With a dramatic sweep of his heavy robes, Polonius turned and marched back down the gallery, his cane echoing in the distance until the heavy oak doors shut behind him, sealing the silence once more.
Ophelia let out a breath she felt she had been holding since her father entered. She reached behind the tapestry, her fingers finding the wooden bowl, but when she pulled it out, her heart sank. Polonius’s heavy boot had clipped the edge of the alcove as he turned; the frail wood-anemone was crushed into the damp moss, its broken stem bleeding a faint, colorless sap.
Tears pricked her eyes, but she did not let them fall. In Elsinore, tears were an admission of weakness, and weakness was a dangerous thing to leave exposed.
Laertes dropped to one knee beside her again. He didn't look at the broken flower. Instead, he reached out, taking the wooden bowl from her hands and setting it aside. He wrapped his arms around her small shoulders, pulling her into a tight, fierce embrace. The scent of his sweat and the rough linen of his shirt were the only real, warm things in the entire fortress.

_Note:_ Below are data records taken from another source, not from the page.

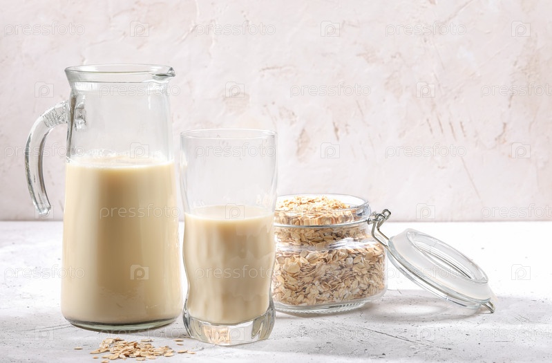 Прозрачный графин и стакан овсяного молока и банка с овсяными хлопьями на белом фоне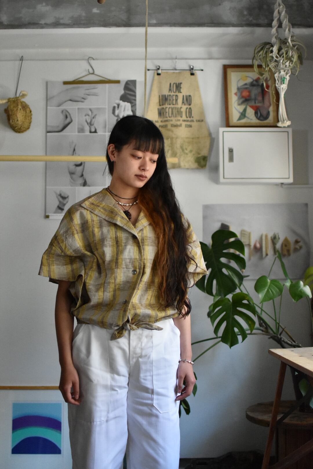 80's- -old- "design check shirts" "cotton linen"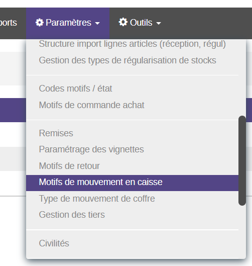 Attention : Si les types de mouvement de caisse ne sont pas renseignés, les opérations de caisses entre la caisse et le coffre ne fonctionnent pas. Il convient donc de les vérifier.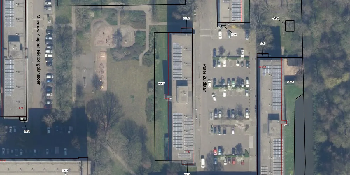 Het perceel waarop Peter Zuidlaan 63 staat heeft een oppervlakte van 1582 m². Dit is een zeer groot perceel. De perceeloppervlakte wordt geregistreerd door het Kadaster. Gedetailleerde informatie over de maten van dit perceel kunt u vinden in het rapport Kadastrale kaart met maatvoering van Peter Zuidlaan 63.

"I am going to France one day, Phie," Laertes whispered into her hair, his voice vibrating with a quiet, passionate intensity. "When I am older, Father will send me to Paris. But I promise you, I will come back for you. I will not leave you alone with the ghosts in this place."
Ophelia buried her face in his neck, nodding silently. She closed her eyes, trying to imagine a world beyond the grey granite, a world where flowers didn't have to be hidden behind tapestries, and where love didn't have to be kept a secret from the walls. But when she opened them, the cold stones of Denmark still surrounded her, silent, watchful, and utterly unyielding.